OCTOBER 11, 2006

The problem with definitions

The rules of the sport, shrouded as they are in the confidential Concorde Agreement, are often difficult to pin down because one can find out about one clause in the agreement and yet not know about another. The question of designing cars for others is a complicated one. There is, for example, nothing to prevent teams from buying chassis or any components from a third party except if these cars or parts are made by another competing team.

Schedule 3 of the Concorde Agreement defines a constructor as "a person (including any corporate or unincorporated body) who owns the intellectual property rights to the rolling chassis it currently races and does not incorporate in such chassis any part designed or manufactured by any other constructor of Formula 1 racing cars".

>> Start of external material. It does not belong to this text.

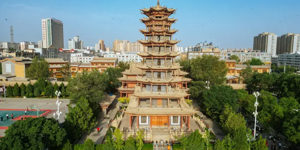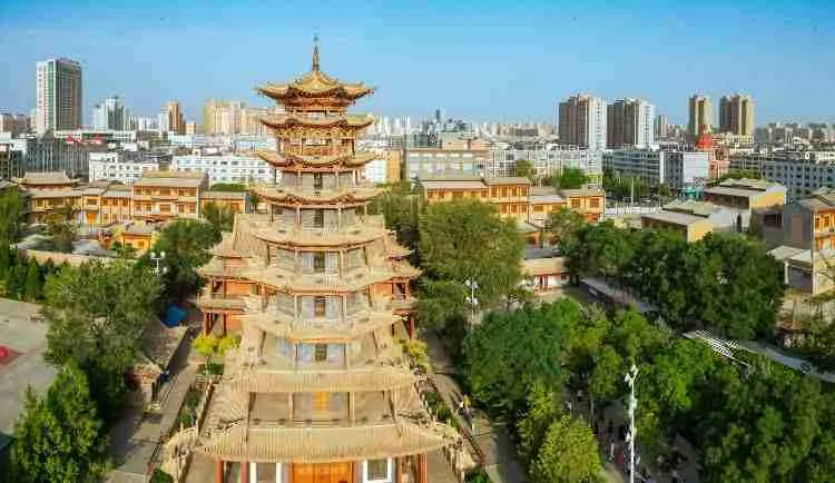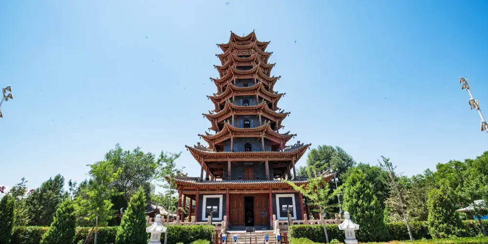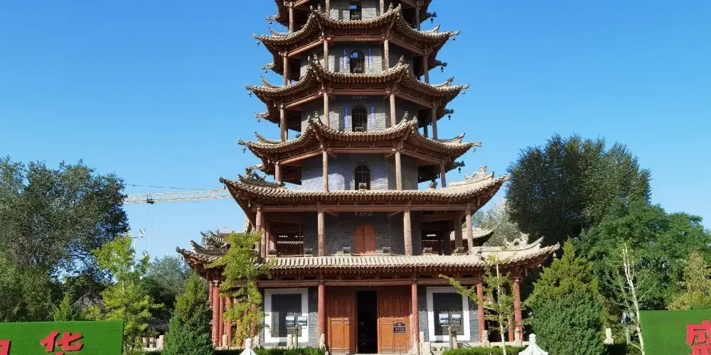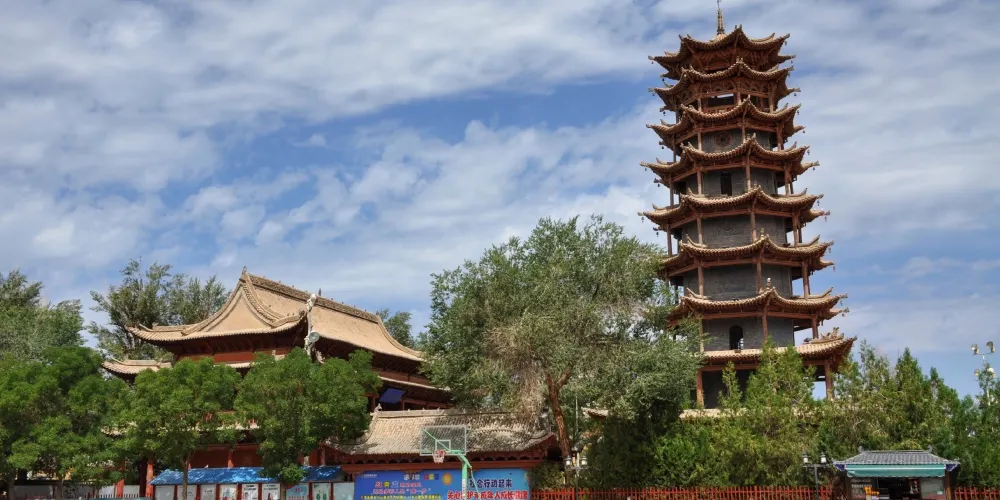 木塔寺原名萬壽寺,位於張掖市甘州區縣府街。寺內有一個木塔,是張掖市五行塔之一,塔高約32.8米,主體為木質結構,塔身內壁空心磚砌,每層都有門窗、樓板、迴廊和塔心。木塔寺內現闢為張掖市民俗博物館,登上塔頂,全市風光盡收眼底。

This means that teams can sub-contract the design and manufacture of an F1 car to anyone it likes, so long as it retains the IPR to the chassis and they do not race chassis of their own. Advanced Composites, for example, has manufactured in the region of 750 Formula 1 chassis for different teams in the course of the last 25 years, while a company called Petbourne Ltd changed its name to Fomet 1 in 1992 and sold chassis to the Fondmetal team and in 1994 switched to supply chassis to Venturi-Larrousse UK Ltd. If a team spins off its design department into an independent company and then buys the design of a Formula 1 chassis from this new firm, the design company cannot supply an identical chassis to another team - even if both teams accept what they are buying - as the other Concorde Agreement signatories would then have the right to go to arbitration to mount a challenge to the structure.

Once an entry has been accepted by the FIA a constructor becomes a competitor within the Concorde Agreement definition of this term, which is different to the definition of a constructor. We can find nothing in the rules that says that a constructor cannot be different to a competitor once the entry has been accepted. In theory, at least, a constructor could own two competitors and race identical cars, as no part of either car would have been designed or manufactured by any other constructor.

There is of course an argument that this breaches the intention of the rule and that historically-speaking this has never happened before. That, however, would require arbitration that could take months to sort out.

This is a subject that is likely to cause trouble in the months ahead. Most teams do not have a problem with teams supplying year-old chassis to smaller operations but the idea that big players can get away with four identical cars is one that worries many teams as there is no reason that such a concept should stop there and it could end up with all the small competitors being forced out of the sport.